▶ **DATASET EXTRACT**
--

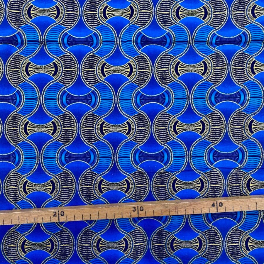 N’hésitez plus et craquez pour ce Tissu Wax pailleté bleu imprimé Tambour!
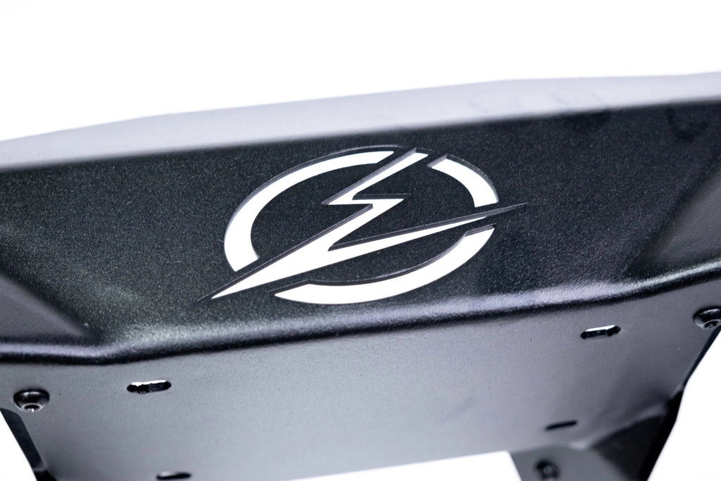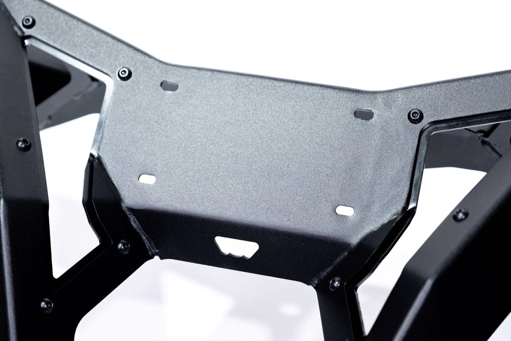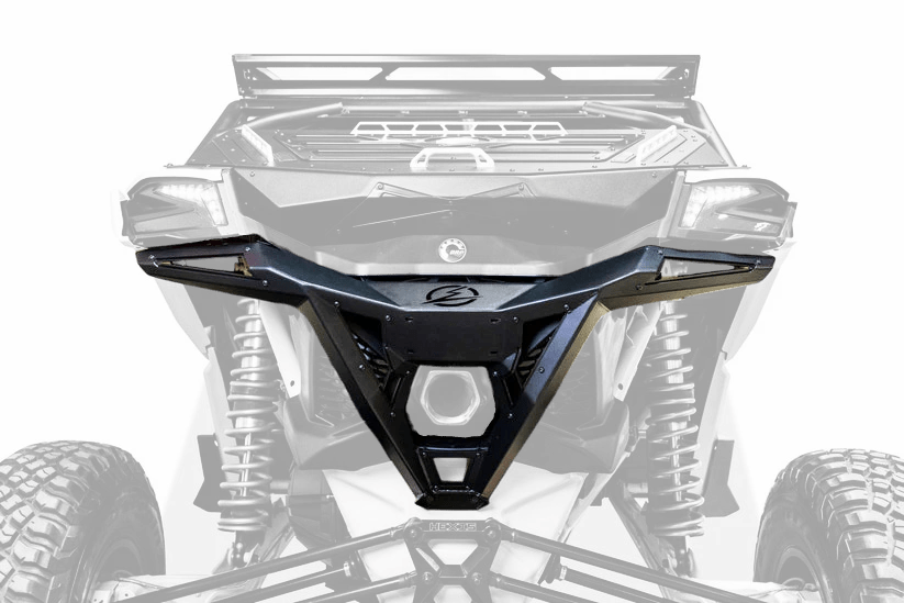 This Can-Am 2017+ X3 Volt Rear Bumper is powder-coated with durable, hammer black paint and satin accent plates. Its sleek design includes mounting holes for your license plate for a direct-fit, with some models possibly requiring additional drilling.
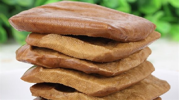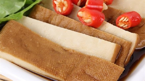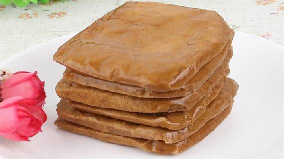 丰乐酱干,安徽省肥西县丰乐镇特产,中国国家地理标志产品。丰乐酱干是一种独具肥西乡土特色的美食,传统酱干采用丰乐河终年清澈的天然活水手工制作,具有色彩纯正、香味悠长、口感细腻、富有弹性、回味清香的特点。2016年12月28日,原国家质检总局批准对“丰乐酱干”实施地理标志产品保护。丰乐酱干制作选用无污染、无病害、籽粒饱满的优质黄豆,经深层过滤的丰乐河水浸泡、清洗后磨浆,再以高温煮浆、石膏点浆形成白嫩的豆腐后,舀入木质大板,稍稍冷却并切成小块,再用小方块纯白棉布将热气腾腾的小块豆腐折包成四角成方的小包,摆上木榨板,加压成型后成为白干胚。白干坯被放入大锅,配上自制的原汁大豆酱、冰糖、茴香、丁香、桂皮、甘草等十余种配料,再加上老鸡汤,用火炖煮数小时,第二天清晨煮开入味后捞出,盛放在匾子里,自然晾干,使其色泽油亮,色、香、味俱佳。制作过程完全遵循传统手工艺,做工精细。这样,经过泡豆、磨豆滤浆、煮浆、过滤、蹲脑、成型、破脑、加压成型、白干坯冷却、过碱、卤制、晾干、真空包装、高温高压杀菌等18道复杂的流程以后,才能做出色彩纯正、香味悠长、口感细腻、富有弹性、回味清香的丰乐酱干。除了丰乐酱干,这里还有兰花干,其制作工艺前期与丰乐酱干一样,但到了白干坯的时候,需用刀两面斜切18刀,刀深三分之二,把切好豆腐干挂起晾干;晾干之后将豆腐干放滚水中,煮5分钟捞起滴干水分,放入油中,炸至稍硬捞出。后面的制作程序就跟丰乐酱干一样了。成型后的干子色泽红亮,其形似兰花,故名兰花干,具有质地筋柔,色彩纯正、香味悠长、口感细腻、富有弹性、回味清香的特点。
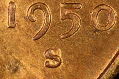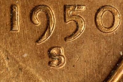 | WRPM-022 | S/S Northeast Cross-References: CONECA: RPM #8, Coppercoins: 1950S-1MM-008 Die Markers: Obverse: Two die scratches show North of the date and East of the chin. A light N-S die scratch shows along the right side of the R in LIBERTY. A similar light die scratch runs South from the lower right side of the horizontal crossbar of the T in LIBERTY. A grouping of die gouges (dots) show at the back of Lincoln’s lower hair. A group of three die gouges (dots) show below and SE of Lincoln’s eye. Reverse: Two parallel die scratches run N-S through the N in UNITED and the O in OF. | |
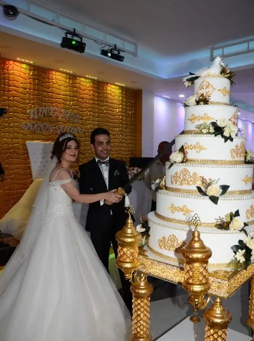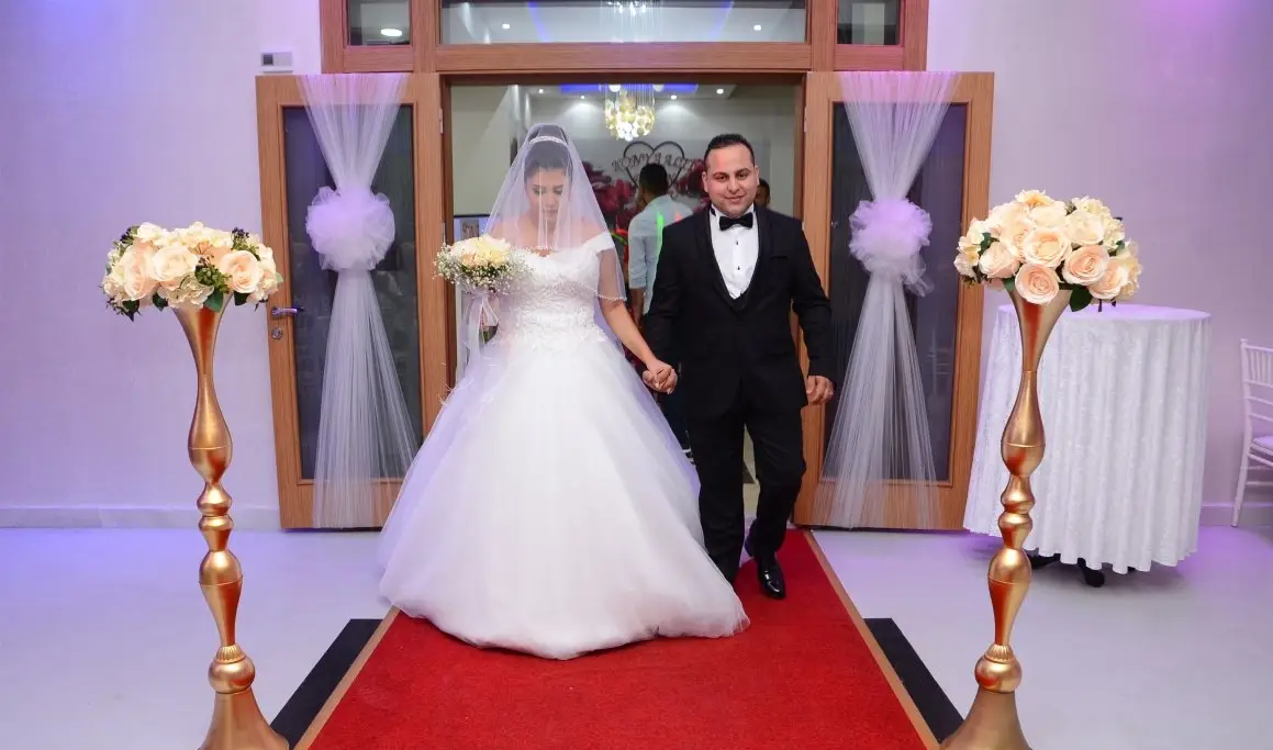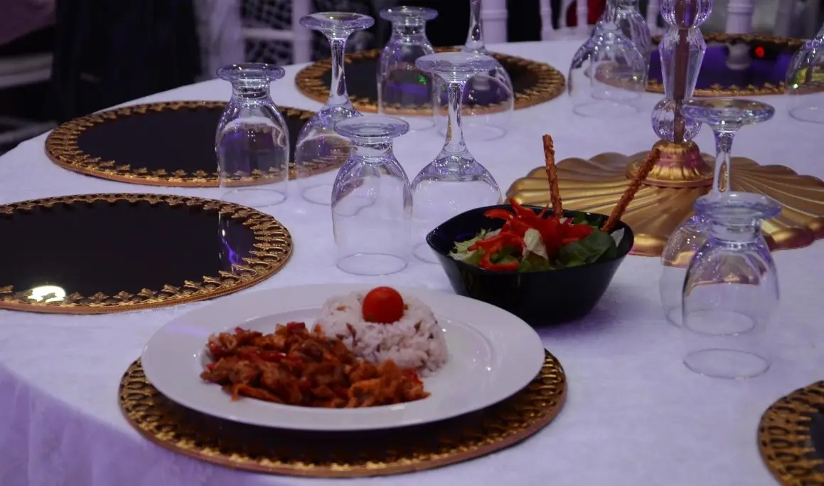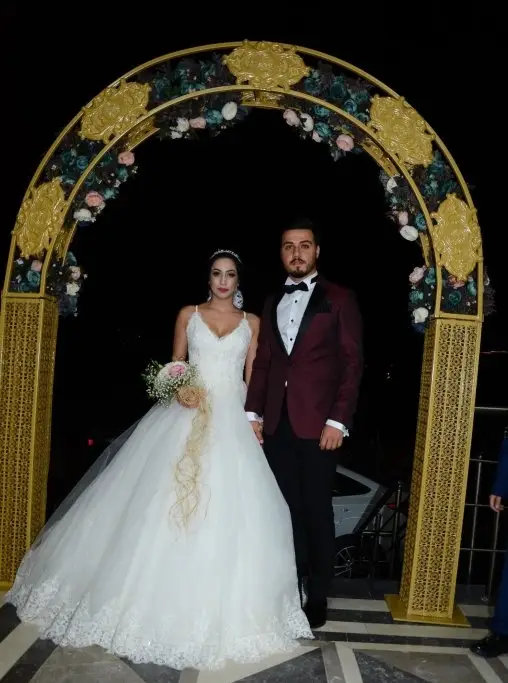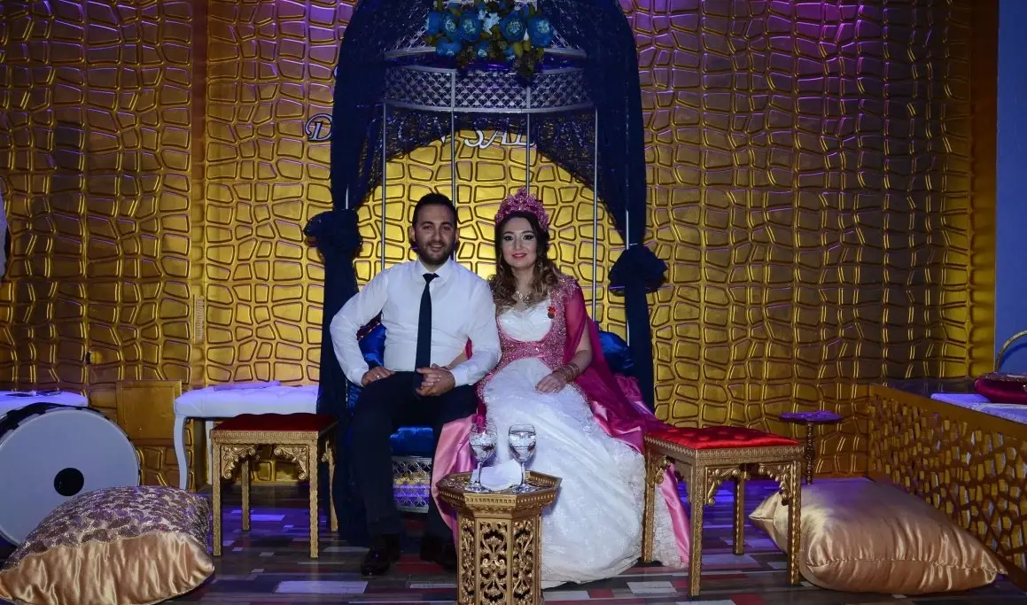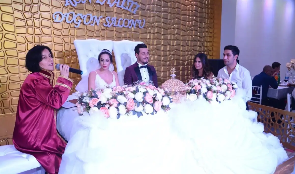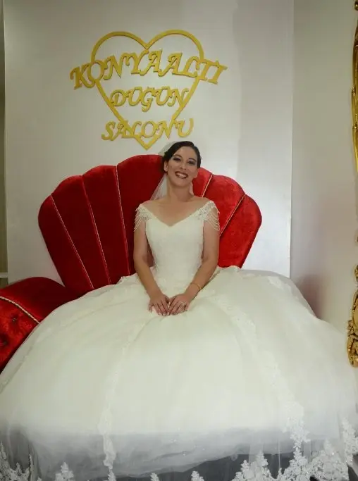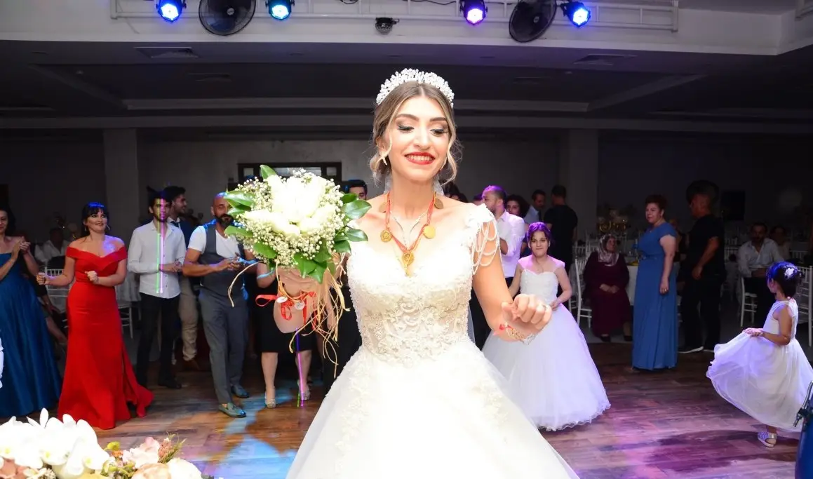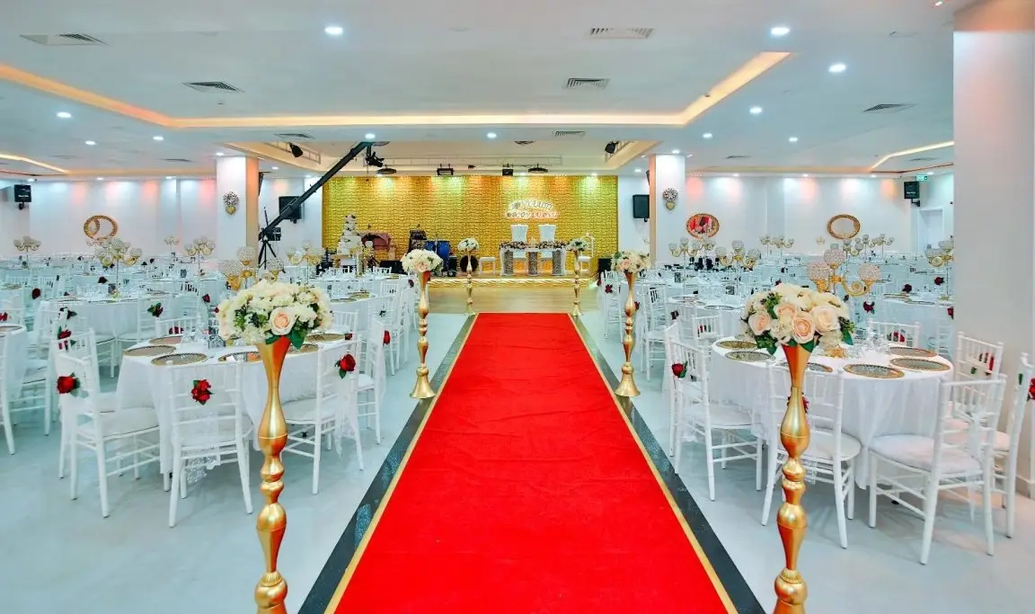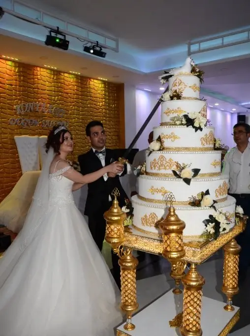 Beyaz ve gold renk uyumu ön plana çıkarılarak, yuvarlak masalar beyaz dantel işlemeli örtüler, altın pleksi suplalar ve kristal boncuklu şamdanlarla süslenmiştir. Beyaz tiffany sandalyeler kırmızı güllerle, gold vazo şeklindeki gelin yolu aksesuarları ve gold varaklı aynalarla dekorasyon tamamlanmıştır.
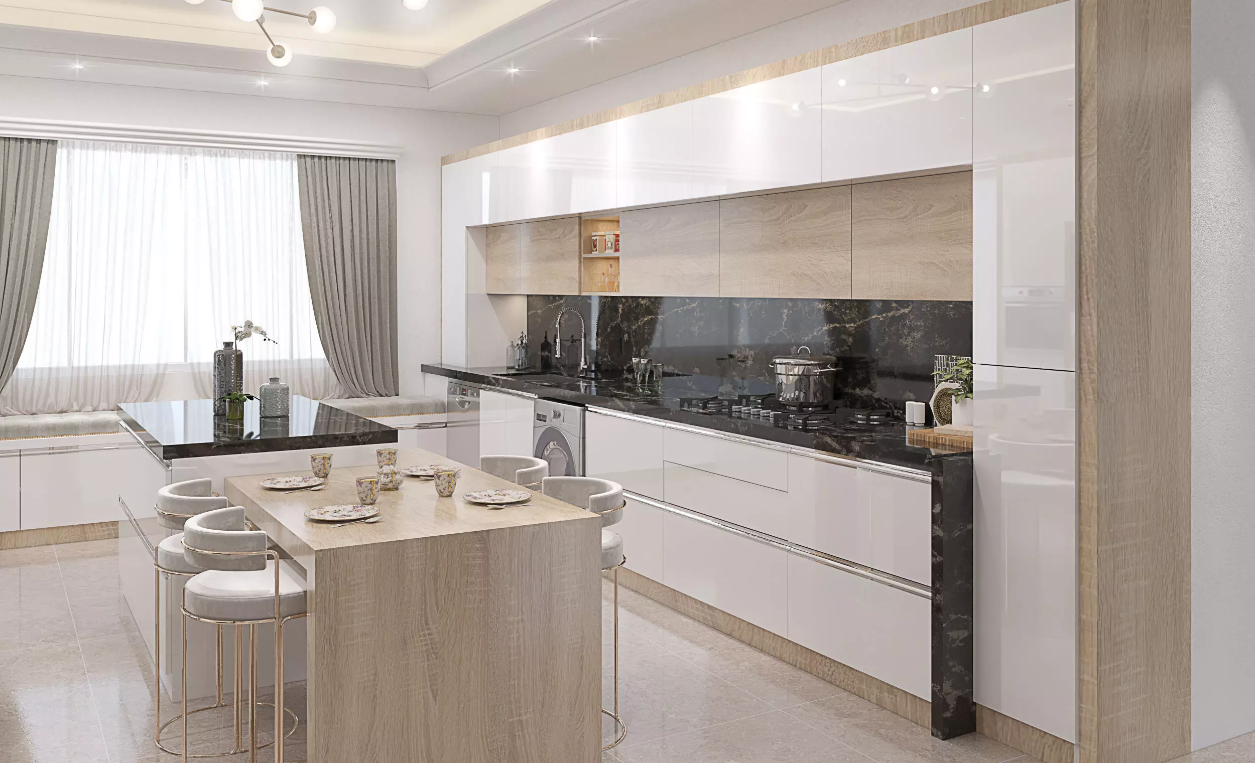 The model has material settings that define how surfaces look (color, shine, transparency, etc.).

--

▶ **TASK**
Retype all the records shown above, character for character. Omit every picture.

▶ **RESPONSE FOR THIS EXERCISE**
 N’hésitez plus et craquez pour ce Tissu Wax pailleté bleu imprimé Tambour!
 This Can-Am 2017+ X3 Volt Rear Bumper is powder-coated with durable, hammer black paint and satin accent plates. Its sleek design includes mounting holes for your license plate for a direct-fit, with some models possibly requiring additional drilling.
 丰乐酱干,安徽省肥西县丰乐镇特产,中国国家地理标志产品。丰乐酱干是一种独具肥西乡土特色的美食,传统酱干采用丰乐河终年清澈的天然活水手工制作,具有色彩纯正、香味悠长、口感细腻、富有弹性、回味清香的特点。2016年12月28日,原国家质检总局批准对“丰乐酱干”实施地理标志产品保护。丰乐酱干制作选用无污染、无病害、籽粒饱满的优质黄豆,经深层过滤的丰乐河水浸泡、清洗后磨浆,再以高温煮浆、石膏点浆形成白嫩的豆腐后,舀入木质大板,稍稍冷却并切成小块,再用小方块纯白棉布将热气腾腾的小块豆腐折包成四角成方的小包,摆上木榨板,加压成型后成为白干胚。白干坯被放入大锅,配上自制的原汁大豆酱、冰糖、茴香、丁香、桂皮、甘草等十余种配料,再加上老鸡汤,用火炖煮数小时,第二天清晨煮开入味后捞出,盛放在匾子里,自然晾干,使其色泽油亮,色、香、味俱佳。制作过程完全遵循传统手工艺,做工精细。这样,经过泡豆、磨豆滤浆、煮浆、过滤、蹲脑、成型、破脑、加压成型、白干坯冷却、过碱、卤制、晾干、真空包装、高温高压杀菌等18道复杂的流程以后,才能做出色彩纯正、香味悠长、口感细腻、富有弹性、回味清香的丰乐酱干。除了丰乐酱干,这里还有兰花干,其制作工艺前期与丰乐酱干一样,但到了白干坯的时候,需用刀两面斜切18刀,刀深三分之二,把切好豆腐干挂起晾干;晾干之后将豆腐干放滚水中,煮5分钟捞起滴干水分,放入油中,炸至稍硬捞出。后面的制作程序就跟丰乐酱干一样了。成型后的干子色泽红亮,其形似兰花,故名兰花干,具有质地筋柔,色彩纯正、香味悠长、口感细腻、富有弹性、回味清香的特点。
 | WRPM-022 | S/S Northeast Cross-References: CONECA: RPM #8, Coppercoins: 1950S-1MM-008 Die Markers: Obverse: Two die scratches show North of the date and East of the chin. A light N-S die scratch shows along the right side of the R in LIBERTY. A similar light die scratch runs South from the lower right side of the horizontal crossbar of the T in LIBERTY. A grouping of die gouges (dots) show at the back of Lincoln’s lower hair. A group of three die gouges (dots) show below and SE of Lincoln’s eye. Reverse: Two parallel die scratches run N-S through the N in UNITED and the O in OF. | |
 Beyaz ve gold renk uyumu ön plana çıkarılarak, yuvarlak masalar beyaz dantel işlemeli örtüler, altın pleksi suplalar ve kristal boncuklu şamdanlarla süslenmiştir. Beyaz tiffany sandalyeler kırmızı güllerle, gold vazo şeklindeki gelin yolu aksesuarları ve gold varaklı aynalarla dekorasyon tamamlanmıştır.
 The model has material settings that define how surfaces look (color, shine, transparency, etc.).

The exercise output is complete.